These crimes, which the Gironde had not the vigour or the virtue to expiate with the blood of the arch-murderer, they now piled on the head of De Lessart, who was totally innocent of them. A decree of accusation was passed against him, and he was consigned to the prison of Versailles for trial before the high, court established at Orleans; but his trial not coming on in September, he was massacred by the mob in the general carnage which then took place.

Louis was deeply affected at this treatment of a minister whom he esteemed for his moderate and pacific sentiments. Duport-Dutertre and Cahier de Gerville, the other ministers, resigned, in terror of a like fate, and the king was left at the mercy of the Gironde. General Dumouriez, whom we have seen assisting Gensonne in the commission to La Vendue, obtained the post of minister for foreign affairs. Charles Francois Dumouriez was born at Cambray in 1739, and, consequently, was now in his fifty-third year. He v had led a life of adventure; he had fought bravely in the German wars; he had played a questionable part in the events which made over Corsica to France; he had been sent by Louis XV. into Poland to support the Poles - though not as the avowed agent of France, but, as it were, an adventurer on his own account - against their enemies, Russia, Prussia, and Austria. He found the Poles debased by misery, slavery, and the custom of bearing a foreign yoke. He found the Polish aristocracy corrupted by luxury, enervated by pleasures. He fought bravely but vainly against Russia. He saw the Polish leaders ruined by discord he saw the Russians prevail, and he quitted the country! despairing for ever of an aristocracy without a people, of a kingdom which he called "The Asiatic nation." At the outbreak of the French revolution he joined the revolutionists, having himself been a prisoner in the Bastille, and he contrived to conciliate all parties, foreseeing that in such a state of things war must come, and generals would be wanted. He had courage for anything; he was extremely fascinating in his manners; and, with a certain looseness of principle - for everything must, in him, give way to his thirst for fame and leadership - he was inclined to the good and the generous. In his intercourse with Gensonne in La Vendee, he had made a deep impression on that eloquent member of the Gironde, who introduced him to all the leaders of the party - the Rolands, Condorcet, Brissot, Vergniaud, and the rest. They were seeking able instruments, but not masters, for they were determined to rule themselves. They were enchanted with Dumouriez, who seemed calculated to serve their views admirably as a general; they had no dread of him as a dictator. Yet Dumouriez not the less continued to conciliate Robespierre, and to attend at the jacobin club.
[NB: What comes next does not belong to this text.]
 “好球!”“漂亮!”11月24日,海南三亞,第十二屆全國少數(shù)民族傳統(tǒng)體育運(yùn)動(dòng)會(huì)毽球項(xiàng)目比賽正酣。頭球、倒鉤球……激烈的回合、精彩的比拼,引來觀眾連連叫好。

Dumouriez saw at a glance that madame Roland was the soul and intellect of the Gironde party, and he paid all court to her. He affected to be the humble servant of the coterie; and, accustomed to compliment women, he endeavoured to win the full confidence of madame Roland; but there he failed. Her keen glance read his real character, and she felt at once that he was too able and too ambitious to remain long a subordinate. " Have an eye to that man," she said to her husband; "there is a master concealed under that smiling exterior." The Girondists had introduced Dumouriez to De Grave; De Grave introduced him to the king. When the assembly had accused De Lessart, and handed him over to the high national court, Louis offered Dumouriez the post of foreign affairs till De Lessart should prove his innocence and be restored. But Dumouriez was too experienced a diplomatist; he refused the office pro tempore, The king was pressed by circumstances, and conferred it upon him permanently.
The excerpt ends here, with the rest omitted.